Papermerge DMS

Papermerge is open source document management system (DMS) designed to work with scanned documents. Papermerge uses OCR (optical character recognition) technology to extract meaningful data from ingested documents. Data extracted with OCR is then used to index documents and prepares them for full text search.

Papermerge is web based software and it provides look and feel of modern desktop application. It has features like dual panel document browser, organizing documents in folders, drag and drop, tagging documents and folders so that you can efficiently store, organize and automate your digital archives workflows.


Papermerge screenshot

Features Highlights

  • Works well with PDFs

  • Desktop like user interface

  • Dual panel mode

  • OCR - used to extract text for documents indexing

  • OCRed text overlay (you can download document with OCRed text overlay)

  • Full text search (supports multiple search engines)

  • Document Versioning

  • Tags - assign colored tags to documents or folders

  • Folders - users can organize documents in folders

  • Multi-User

  • User permissions management

  • Fully REST API (all features can be consumed via REST API)

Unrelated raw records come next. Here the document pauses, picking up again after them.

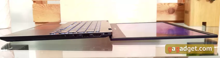 Die Abmessungen und das Layout der Tastatur sind absolut standardmäßig für ultraportable Modelle: ohne zusätzlichen Ziffernblock, mit reduzierten Pfeilen und einer Reihe von Funktionstasten, die mit der Entf-Taste endet (nicht mit dem Power-Button, wie es bei einigen Modellen der Fall ist). Home, End, PgUp und PgDn sind mit Pfeilen durch Fn dupliziert. Beide Umschalttasten sind lang, Enter ist "einstöckig". Im Allgemeinen wird es also ein Minimum an Zeit brauchen, um sich daran zu gewöhnen.
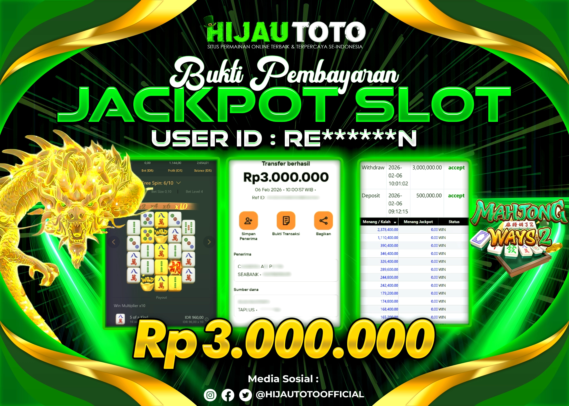 Bergabung dengan HIJAUTOTO sangat mudah dan cepat. Cukup lakukan pendaftaran dengan data lengkap, lakukan deposit minimal Rp5.000 melalui berbagai metode termasuk QRIS, dan mulai bertaruh dengan minimal taruhan Rp100. Dapatkan juga bonus new member 100% untuk modal bermain lebih besar.
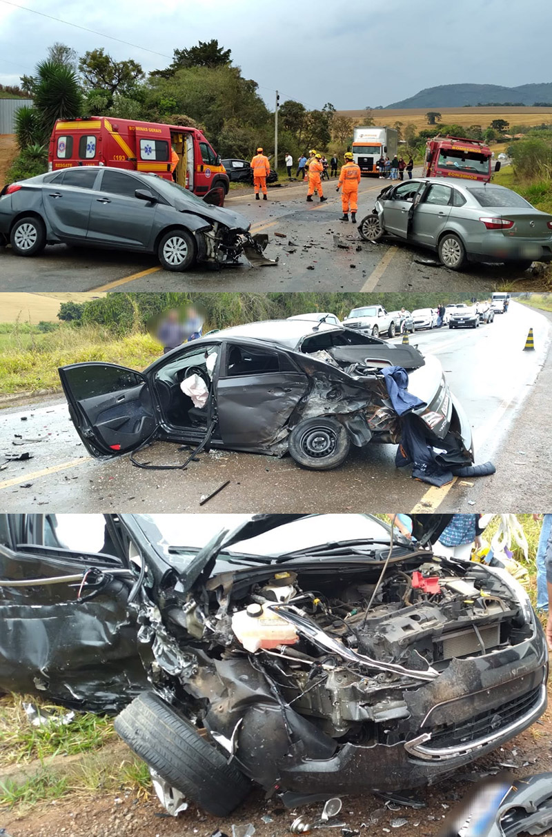 Um acidente envolvendo três veículos, na tarde de domingo, deixou quatro pessoas feridas. O acidente foi na rodovia BR 267, que liga Machado a Campestre.
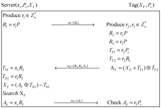 - Pan, Y.; Shan, Z.; Dai, Q.; Yue, F. CPK-ECC based mutual authentication protocol for large-scale RFID system. J. Commun. 2017, 38, 165–171. [Google Scholar]
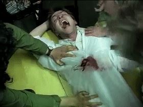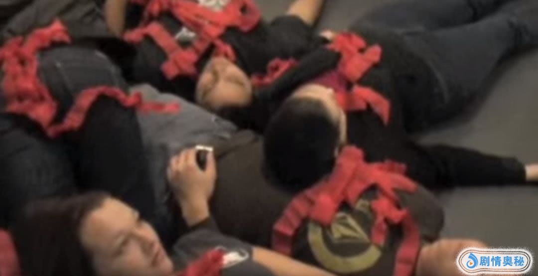 上面这位还算良心,拿的番茄酱当道具血。
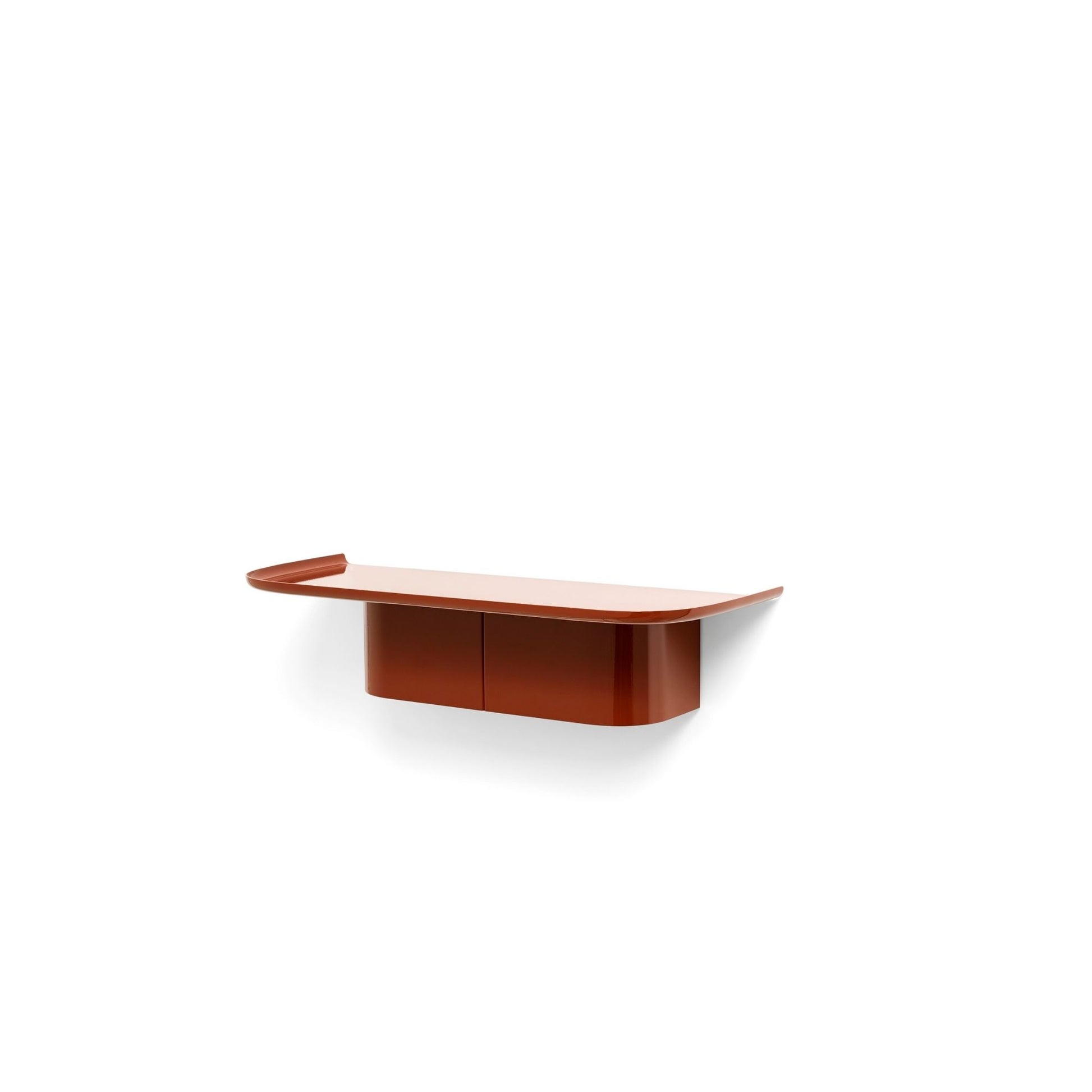 Korpus Shelf is a series of colourful wall-mounted shelves created for HAY by Norwegian product designer Andreas Bergsaker. Based on the desire to create a durable multi-purpose shelf from recyclable material, Korpus Shelf is made from sheet aluminium, known for its lightness, strength and ability to be reused countless times. The aluminium undergoes an industrial stamping and punching process to be formed into the distinctively curved column and top. Keyhole slits at the back facilitate mounting, while concealed hooks in the column provide additional hanging possibilities. Available in a wide range of sizes and colours, these versatile shelves can be used in many different rooms in the home, such as a coat rack in the hallway, storing kitchen utensils, hanging bathroom towels or displaying ornaments in the living room.
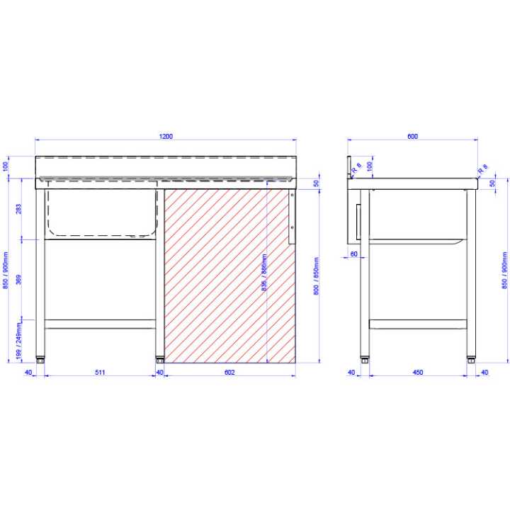 As mesas estão desenhadas para acomodar uma máquina de lavar louça de abertura frontal de 600 x 600 mm.
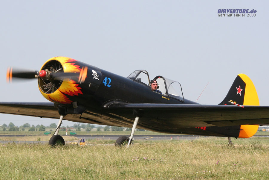 Das "Black Jacks"-Kunstflugteam der FLIEGERREVUE zeigte im Flying Display der ILA 2008 Formationskunstflug mit vier russischen Maschinen. Dieses Foto zeigt eine der beiden Yakovlev Yak-50 des Teams.
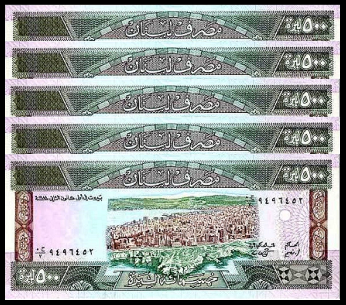 Lebanon 500 Livres 1988 , UNC-, 5 Pcs LOT , P-68
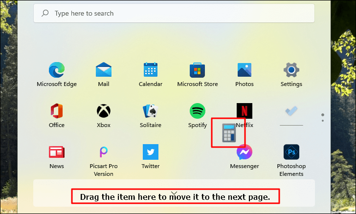 You can also move items across pages by dragging them to the bottom of the Pinned section and waiting for the page to change.
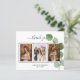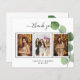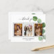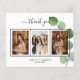 Lägg till 3 av dina födelsedagsfoton, lodrät storlekt, ett datum, namn och tackkortet. En chic vit bakgrund med svart text och ram, en eukalyptus sprig. Texten: Tack på framsidan och ditt namn på baksidan skrivs med ett handskript med snyggt med dekortecken.
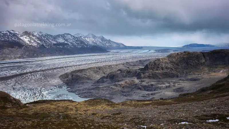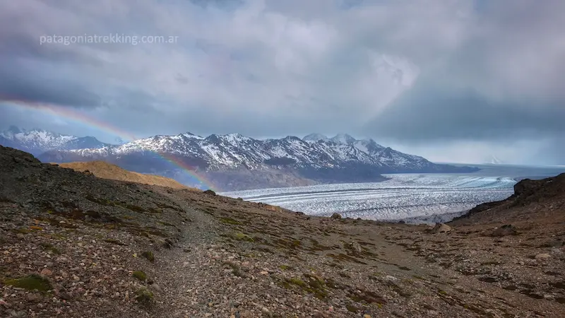 Seguí camino, vadeé un arroyo sin complicaciones y encaré el tránsito hacia el Paso Huemul. Antes de llegar al mirador del Glaciar Viedma, el sendero empieza una subida lenta y constante por la ladera. Eran los últimos metros con vista al Campo de Hielo.
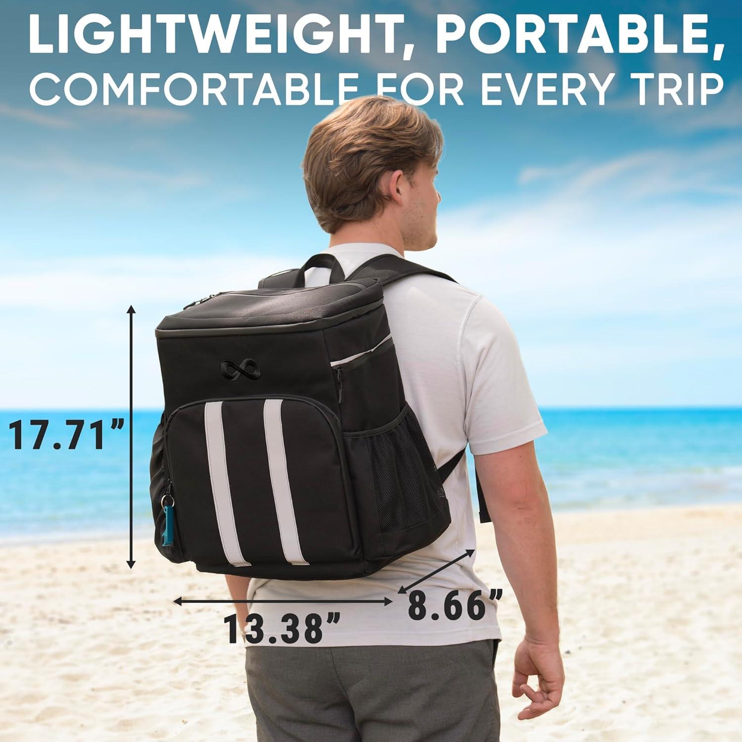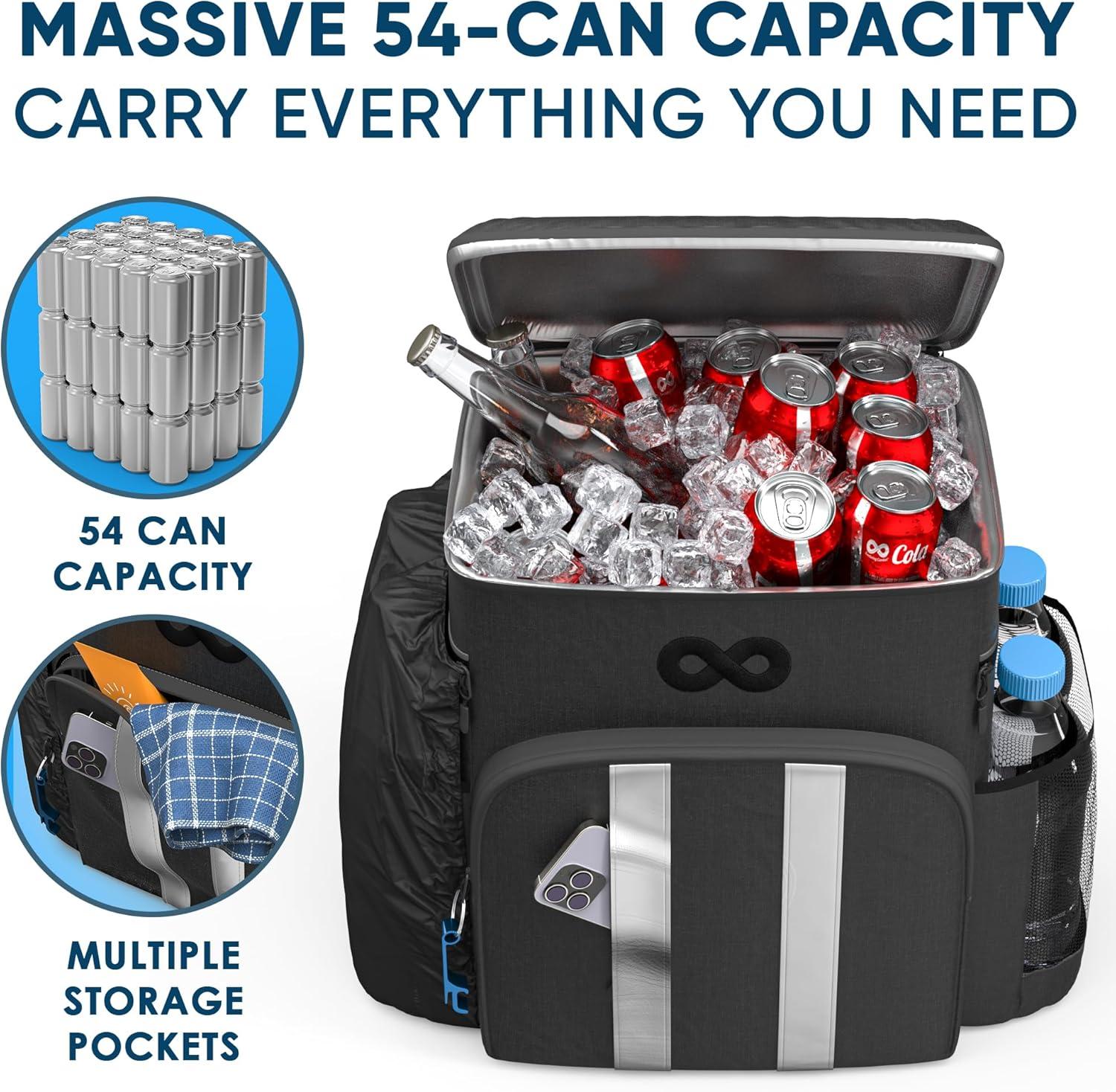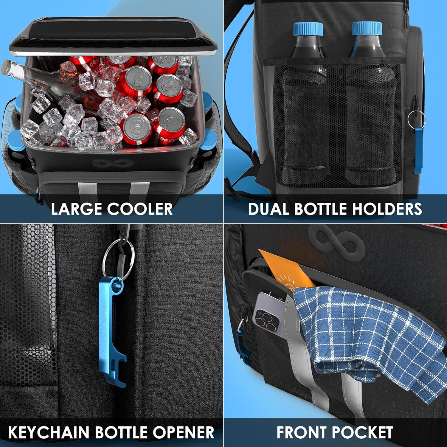 Experience the ultimate in convenience and functionality with the Everlasting Comfort Backpack Beach Cooler Bag. Designed to hold up to 54 cans and 4lb of ice, this beach backpack cooler offers superior storage capacity, making it the perfect companion for beach outings, picnics in the park, and camping trips. An ideal insulated backpack cooler, it keeps your food and drinks cool all day long. Crafted from high-quality PEVA material and thick insulated foam, it ensures your food and drinks stay hot or cold for up to 24 hours. The cooler backpack insulated waterproof and durable, thanks to its leakproof liner and waterproof zippers, providing reliable protection for your refreshments, your back, and surfaces where you set it down. Whether you're kayaking, fishing, or golfing, this beach cooler backpack will keep your items safe and secure. Multiple compartments, including a front pocket for small items, dual side pockets for wine bottles, and a keychain bottle opener, add to its versatility, making it ideal for various occasions. Our cooler beach bag, Comfort is key with padded adjustable straps and a convenient carrying handle, ensuring you can transport it with ease. The Everlasting Comfort Backpack Cooler is the perfect solution for those seeking a reliable, spacious, and versatile cooling companion for any adventure. The personal cooler or back pack cooler is optimal for picnics.
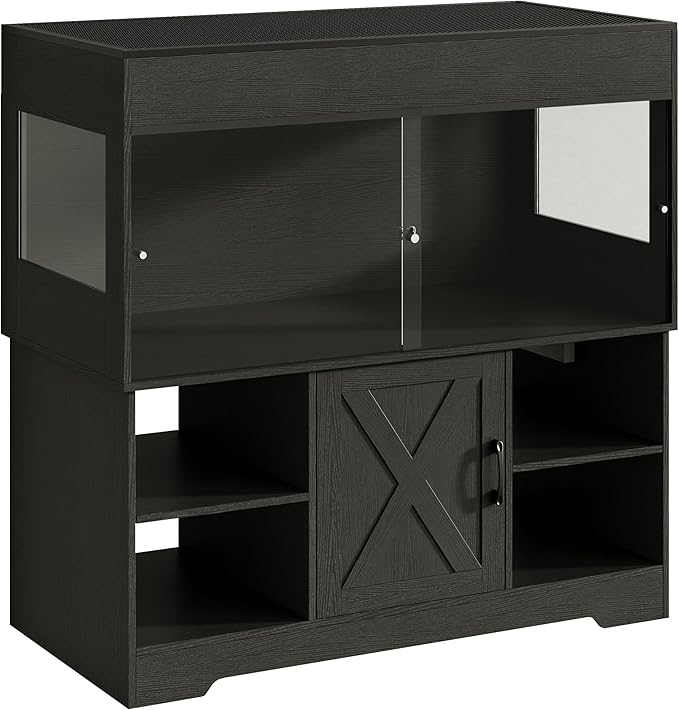 - All-in-One Storage Base – More than just a vivarium tank, this design includes a full base cabinet with dual side compartments and a center door cabinet. Easily store all your reptile care essentials—UVB lamps, heating mats, thermometers, substrate, snacks, and tools—in one organized space.
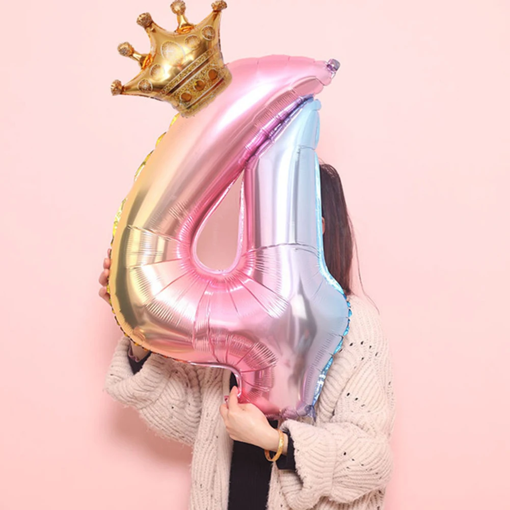 32 дюйма количество Фольга шары Корона цифры воздушные клипсы для воздушных шаров, День рождения украшения
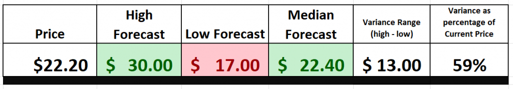 What I find interesting is the 59% variance between the most bullish analyst and the most bearish. Keep in mind that these are Wall Street Analysts who monitor the stock 24/7. The greater the variance between the bulls and bears the greater the opportunity for volatility which ideally is what we are looking for when guided by the artificial intelligence.

  • Page Management - delete, reorder, rotate, merge, move, extract

What It Does

  • It extracts (using OCR) and indexes text from your documents

  • Provides modern, desktop like user interface to easily find your documents

  • Helps you instantly find your documents:
  • Helps you fix scanned documents issues like:
    • delete blank, semi-blank or just irrelevant pages

    • rotate pages

    • move strayed pages between documents

    • change page order within the document

What It Doesn’t Do

  • It does not take control of your documents. Documents are stored on filesystem in a simple and intuitive manner so that you can take snapshot of your data at any time

  • It does not stay in your way when you make decisions about your data

  • It does not overwrite your original documents

Right Tool for You?

To be efficient you always need to choose right tool for the problem. Because Document Management is too generic - I think that a definition of what is a Document in context of this software is needed.

What is a Document?

For Papermerge a document is anything which is a good candidate for archiving - some piece of information which is not editable but you need to store it for future reference. For example receipts are perfect examples - you don’t need to read receipts everyday, but eventually you will need them for your tax declaration. In this sense - scanned documents, which are usually in PDF or TIFF format, are perfect match.

PDF (Portable Document Format) is de facto standard for storing archived documents. In correct technical terms - it is PDF/A subset. PDF/A differs from PDF by prohibiting features unsuitable for long-term archiving, such as font linking and encryption.

Most of the modern office scanners will output scanned files in PDF/A format. This is why, PDF is practically synonymous for document in context of Papermerge.

A picture made with your phone of a A4 paper document is ragarded by papermege as full fledged document, even though digitally it is stored as jpeg or png format. You can think of a picture made with a phone (of a document) as a bad quality scan.

What is Not a Document?

Out of scope are Office documents (ODT, DOCX, spreadsheets, presentations etc), text files (notes); these files are usually editable i.e. user can alter the content of the document. Any format of alterable type of document is out of scope for Papermerge project.

Papermerge is simply not designed to store books. Yes, you can scan a book and import it in Papermege, but again - this is not what Papermerge was designed for.